A substituição é necessária para que o julgamento ocorra dentro das regras estabelecidas para o processo de cassação.

Comissão Processante aprovou relatório pela cassação

A Comissão Processante foi aprovada pelo Plenário em 1º de junho, durante a 33ª Reunião Ordinária do ano, por 29 votos favoráveis e nenhum contrário. Após a aprovação, os integrantes foram definidos por sorteio: Paulo Haddad (PSD), Otto Alejandro (PL) e Dr. Yanko (PP). O relatório final, com 21 páginas, foi concluído em 1º de setembro e concluiu pela procedência da representação apresentada contra Vini Oliveira.

Segundo o documento, a conduta atribuída ao vereador se enquadraria no artigo 7º, inciso III, do Decreto-Lei nº 201/1967. O relatório sustenta ainda que teria ocorrido quebra de decoro parlamentar e uso indevido da prerrogativa de fiscalização durante reuniões com empresa do setor de transporte enquanto ainda estava em andamento o processo relacionado à concessão do serviço público.

Relator aponta quebra de decoro

No relatório, o vereador Otto Alejandro, relator da Comissão Processante, argumenta que a atuação de um parlamentar em uma empresa diretamente interessada em um certame licitatório poderia ultrapassar os limites da atividade de fiscalização. Segundo o relator, a situação seria especialmente grave porque o vereador teria buscado documentos para questionar outros concorrentes enquanto o procedimento administrativo ainda não havia sido formalizado. A conclusão da Comissão afirma que essa conduta configuraria quebra de decoro parlamentar e violação aos princípios da moralidade e da impessoalidade.
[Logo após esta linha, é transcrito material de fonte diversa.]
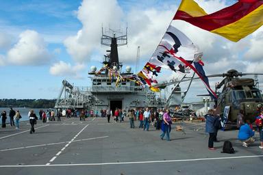 Keywords: hms bulwark amphibious dock royal navy open day signal flags helicopter deck visitors devonport plymouth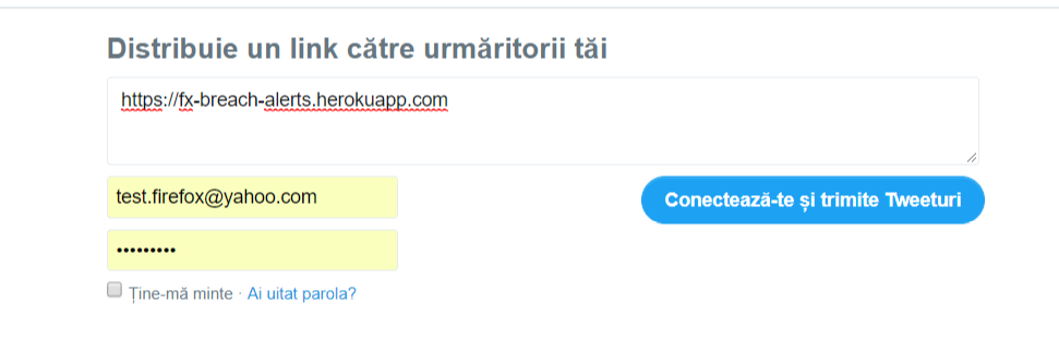 hey @CiprianGeorgiu , unless I am mistaken this is the desired result. It's not until you actually click Tweet that the image and correct phrasing pops up. Currently, when I click the twitter button from https://fx-breach-alerts.herokuapp.com/ I see about the same screen you posted a shot of, but then when I click "Tweet" this is what turns up: |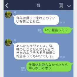 帰省時期もこんなLINE。あえて『いい報告って?』ってとぼけたんですけど、『あんたもう37でしょ』『そろそろ結婚の報告あってもいいでしょ』ってガチモードの返信がくるんですよね。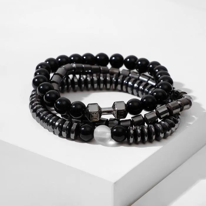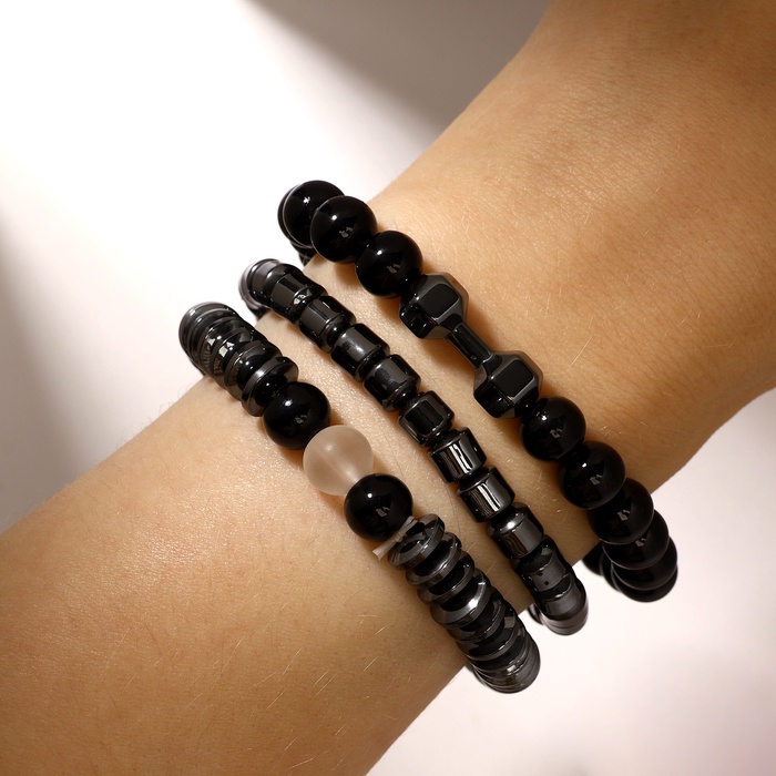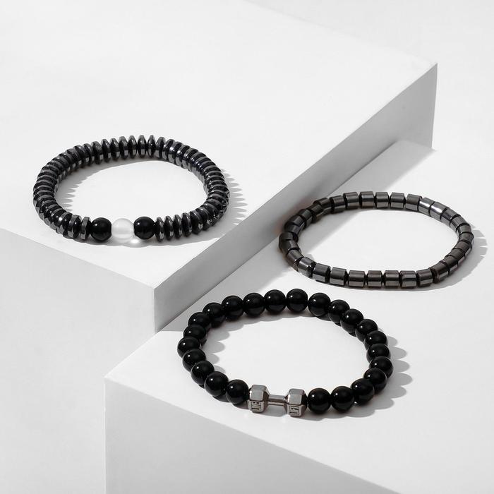 Браслеты унисекс «Гематит», 3 шт, гантели, d=7 см, чёрные — Характеристики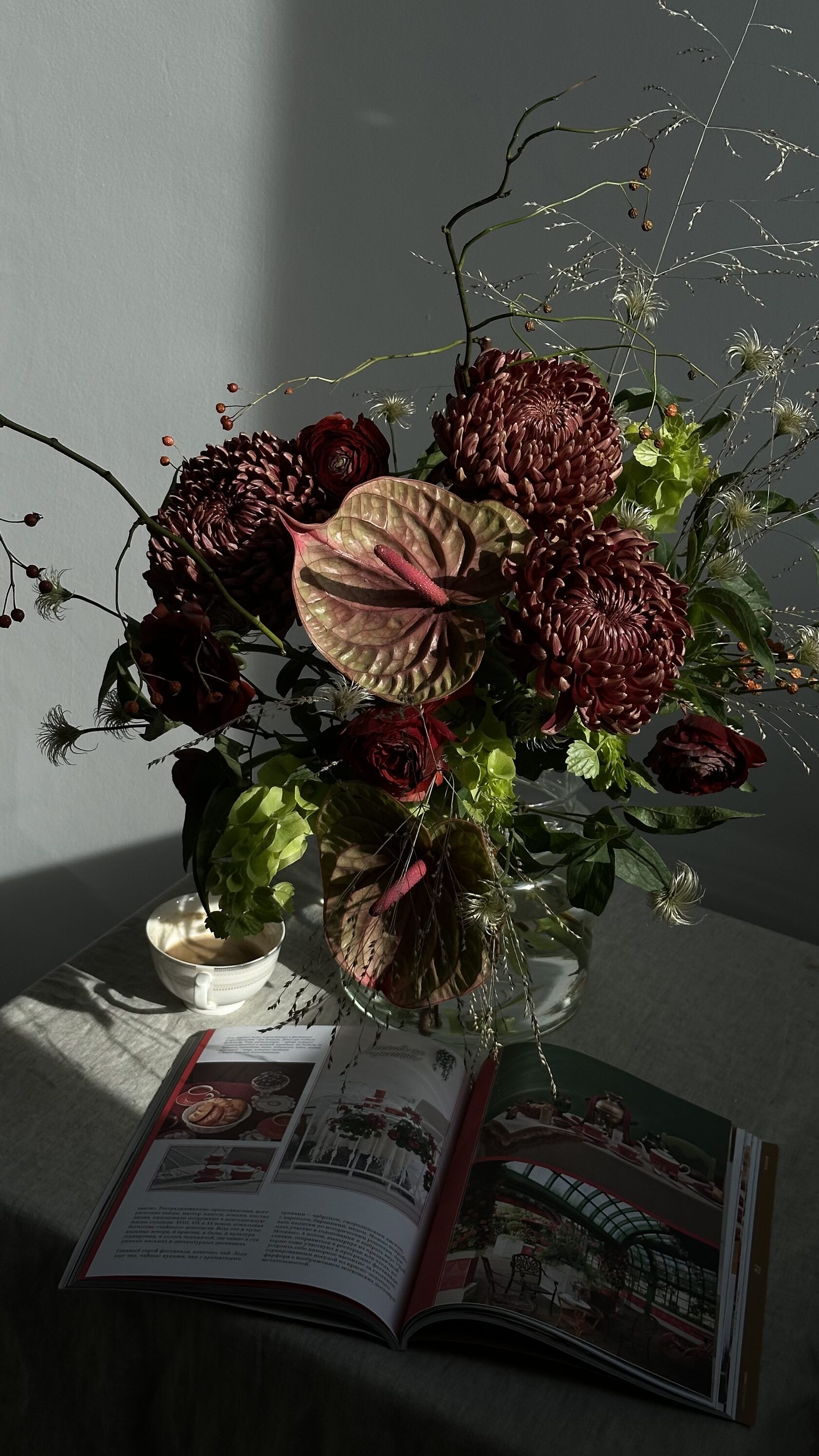 Их оттенки — тёплые, густые: янтарь, охра, вино. В букете хризантема — как шерстяной плед: создаёт уют и держит форму, даёт ощущение плотности и покоя.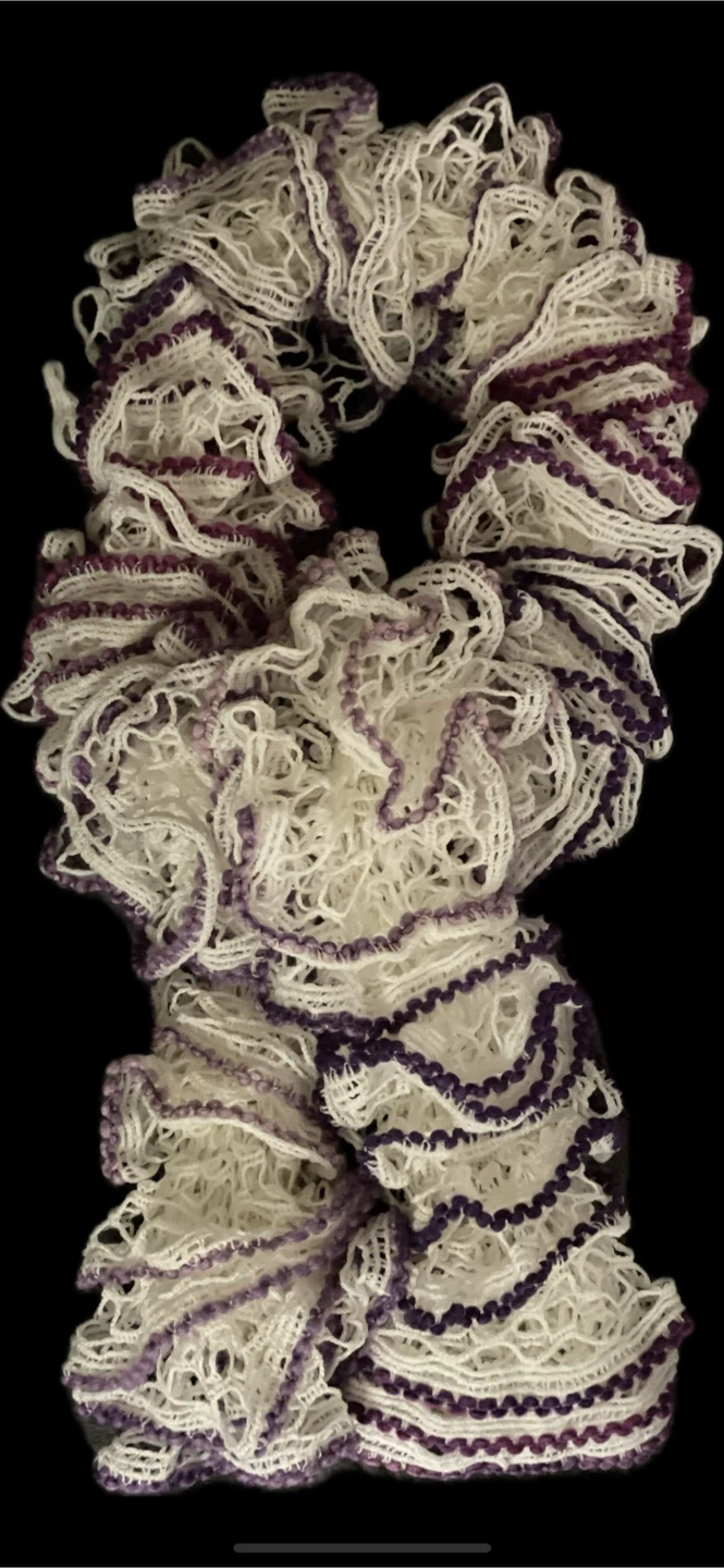 White & Purple Ruffle Scarf

A defesa de Vini Oliveira, entretanto, contesta as acusações e nega que o vereador tenha cometido as irregularidades apontadas no processo.

Julgamento será transmitido ao vivo

A Sessão de Julgamento será transmitida pela TV Câmara Campinas. A transmissão pelos canais abertos da emissora poderá ser interrompida entre 13h e 13h25, caso os trabalhos avancem para o período destinado à propaganda eleitoral gratuita. A transmissão continuará disponível pelo canal da Câmara no YouTube.

O resultado da sessão dependerá exclusivamente da votação nominal dos vereadores. Para a cassação, serão necessários pelo menos 22 votos favoráveis. Sem esse quórum, o processo será arquivado.